Currently, artificial intelligence applications based on edge intelligent computing devices are becoming increasingly complex and high-precision. To reduce the latency and power consumption of edge devices, integrated storage and computing technology is applied at the edge device end, maximizing the reduction of latency and power consumption on edge devices by reducing the cost of data handling. However, traditional storage and computation integrated macros only support integer data calculations, making it difficult to support edge intelligent computing tasks that are increasingly high in accuracy, complexity, and on-chip training. It is difficult to achieve optimization in energy efficiency, area efficiency and accuracy with only a single analog or digital scheme. How to effectively combine the advantages of analog and digital storage modes, achieve higher energy efficiency and area efficiency overall, and ensure high accuracy as much as possible, as well as explore the design space of mixed digital and analog solutions, are still urgent problems that need to be solved in the macro field of integrated storage and computing.

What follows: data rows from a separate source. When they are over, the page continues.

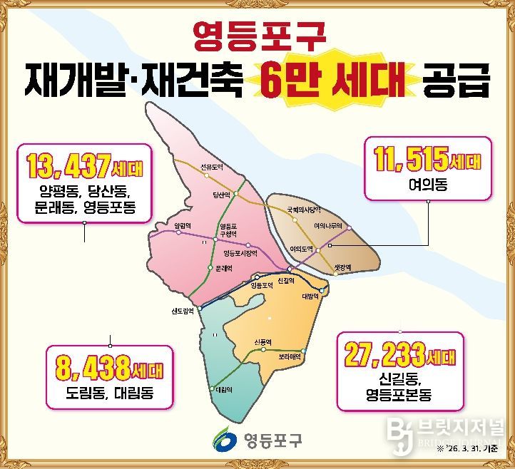 브릿지저널 김경미 기자 | 영등포구가 관내 재개발‧재건축 사업을 통해 총 6만 세대 규모의 주택 공급을 추진하며, 서울 도심 속 명품 주거단지 조성에 박차를 가하고 있다고 밝혔다.
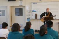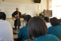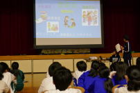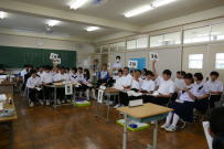 町の保護司をされている方が『社会を明るくする運動』として,『命』について,『しあわせ』について,語りと歌で伝えてくれました。 生徒の感想より 「命について深く考えるきっかけとなりました。『たった一つの命だから』という歌には感動しました。『糸』の詞もとてもよかったです。自分が今ここにいられることを感謝したいです。」
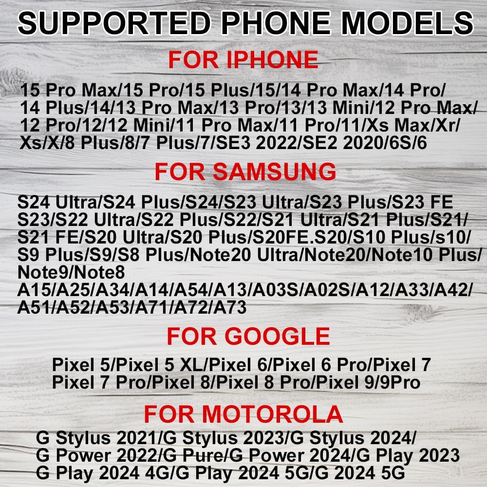 COMPATIBLE with iPhone 15;15 Plus;15 Pro;15 Pro Max;14;14 PRO;14 PLUS;14 PRO MAX;13 PRO MAX;13 Pro;13;13 Mini;12 Pro Max;12,12 Pro;12 Mini;SE (2020);11 Pro Max;11 Pro;11;Xs Max;Xr;X,Xs;7,8 Plus;7,8;6,6s Plus;6,6s;Samsung Z Flip 3;4;5,Galaxy S24;S23;S22;S21;S20 FE;PLUS;ULTRA;S10;S9;S8,A15;A25;A34;A14;A54;A03S;A53;A02S;A10E;A13;A32;A42;A51;A71,Note 20;10;Plus;Ultra

Academician Liu Ming from the Institute of Microelectronics of the Chinese Academy of Sciences and others have developed a digital analog hybrid memory and computing integrated macro chip based on external product operation, designed a digital analog hybrid floating point SRAM internal memory computing scheme, proposed a hybrid method of analog and digital memory and computing macros, and combined the advantages of using analog memory for efficient array internal bit multiplication and using digital memory for efficient array external multi bit shift accumulation to achieve overall high energy efficiency and area efficiency. The research uses a residual type analog-to-digital converter architecture to achieve high throughput and low overhead by reducing the required resolution of the analog-to-digital converter to only the logarithm of the input bit accuracy. Through a floating-point/fixed-point memory block architecture based on mathematical principles of matrix outer product calculation, matrix matrix vector calculation can be completed through an accumulator element. Compared with previous digital storage schemes that use the matrix inner product principle of large fan in and multi-level adder trees, it can reduce the transmission delay of operations and have a higher overall computational throughput. This architecture supports fine-grained unstructured activation sparsity to further improve overall energy efficiency. This integrated memory and computing macro chip is fabricated in a 28nm CMOS process and can support BF16 floating-point precision operations and INT8 fixed-point precision operations. The peak energy efficiency of BF16 floating-point matrix matrix vector calculation reaches 72.12TFLOP/W, and the peak energy efficiency of INT8 fixed-point matrix matrix vector calculation reaches 111.17TFLOP/W. The above achievements provide a new approach for the integration of storage and computing architecture chips using a mixed digital and analog solution.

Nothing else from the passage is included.